Relative to preoperative levels, the age groups experienced similar changes in SCO2 during surgery: SCO2 increased 30 +/- 4% during deep hypothermic CPB, it decreased 62 +/- 5% by the end of arrest, and it increased 20 +/- 5% during CPB recirculation (all P < 0.001); after rewarming and removal of CPB, SCO2 returned to preoperative levels. During arrest, the half-life of SCO2 was 9 +/- 1 min in neonates, 6 +/- 1 min in infants, and 4 +/- 1 min in children (P < 0.001). Postoperative neurologic status was abnormal in three (12%) patients. The SCO2 increase during deep hypothermic CPB was less in these patients than in the remaining study population (3 +/- 2% versus 33 +/- 4%, P < 0.001). There were no other significant SCO2 differences between outcome groups.

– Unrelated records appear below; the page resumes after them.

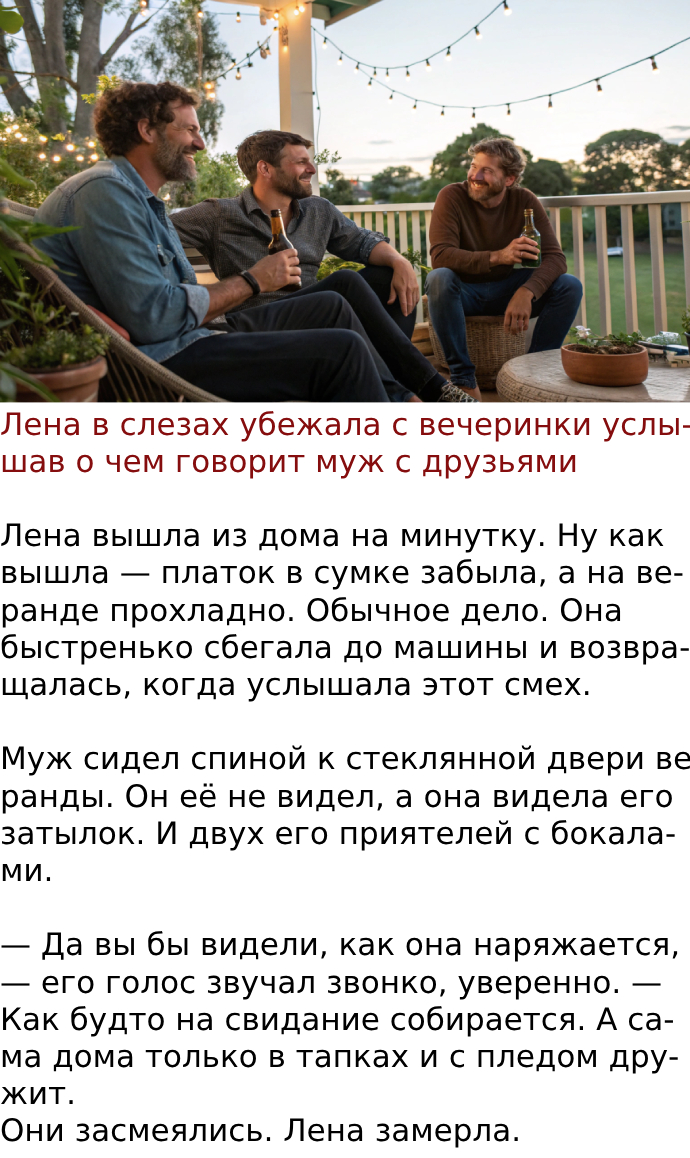 — Лена, я был пьян. Это всё не то, что я на самом деле думаю, — он потянулся к её руке. — Ты же знаешь меня.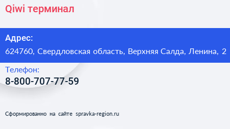 Qiwi, терминал по адресу 624760, Свердловская область, Верхняя Салда, Ленина, 2 в дальнейшем Организация, размещена в следующих категориях: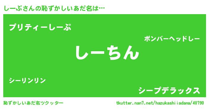 | 意味不明あだ名 | 『永久保存しーぷ』『ペロリンしーぷ』 |

Brain oxygenation changed at distinct points during surgery in all ages, reflecting fundamental cerebral responses to hypothermic CPB, ischemia, and reperfusion. However, the changes in SCO2 half-life with age reflect developmental differences in the rate of cerebral oxygen utilization during arrest, consistent with experimental work in animals. Certain intraoperative cerebral oxygenation patterns may be associated with postoperative cerebral dysfunction and require further study.